§ **ACTIVITY**: Write out every line of the material as it stands, apart from the pictures.

§ **DATA EXCERPT**:
● ● ●

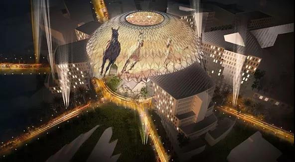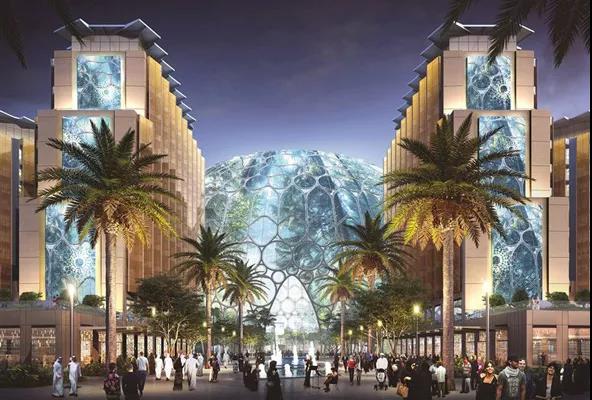会场中心将是Al Wasl广场,沿着广场你会看到餐馆、喷泉和公园。会场顶部是一个65米高,150米宽的圆顶。只需轻轻一按,这个巨大的圆顶就会变成一个巨大的屏幕,在半透明的屏幕上可以看到穹顶的内外。
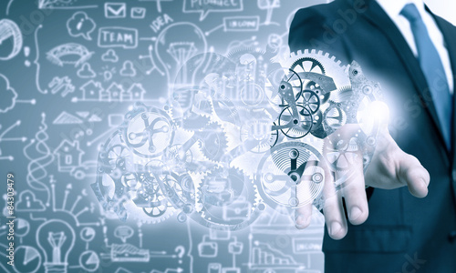 Businessman activating gears mechanism
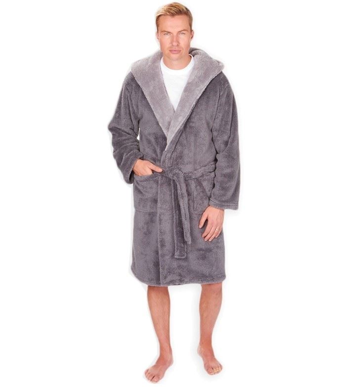MICHAEL PAUL MEN'S HOODED SNUGGLE DRESSING GOWN GREY

● ● ●

§ **RESPONSE AREA**:
会场中心将是Al Wasl广场,沿着广场你会看到餐馆、喷泉和公园。会场顶部是一个65米高,150米宽的圆顶。只需轻轻一按,这个巨大的圆顶就会变成一个巨大的屏幕,在半透明的屏幕上可以看到穹顶的内外。
 Businessman activating gears mechanism
MICHAEL PAUL MEN'S HOODED SNUGGLE DRESSING GOWN GREY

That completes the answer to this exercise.